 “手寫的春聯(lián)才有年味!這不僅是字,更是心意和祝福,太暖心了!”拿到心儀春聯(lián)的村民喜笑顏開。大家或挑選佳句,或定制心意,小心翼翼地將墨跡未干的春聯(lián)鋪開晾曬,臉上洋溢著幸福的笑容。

* * *

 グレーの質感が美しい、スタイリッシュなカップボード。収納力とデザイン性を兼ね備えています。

...

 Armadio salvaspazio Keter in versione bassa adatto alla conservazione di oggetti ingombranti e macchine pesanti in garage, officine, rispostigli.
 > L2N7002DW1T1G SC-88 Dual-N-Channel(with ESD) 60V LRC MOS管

Your assignment: Everything above from the line with "Armadio salvaspazio Keter" to the line with "60V LRC MOS管", both included, must be repeated exactly, and nothing outside that range.

Result of the exercise:
 Armadio salvaspazio Keter in versione bassa adatto alla conservazione di oggetti ingombranti e macchine pesanti in garage, officine, rispostigli.
 > L2N7002DW1T1G SC-88 Dual-N-Channel(with ESD) 60V LRC MOS管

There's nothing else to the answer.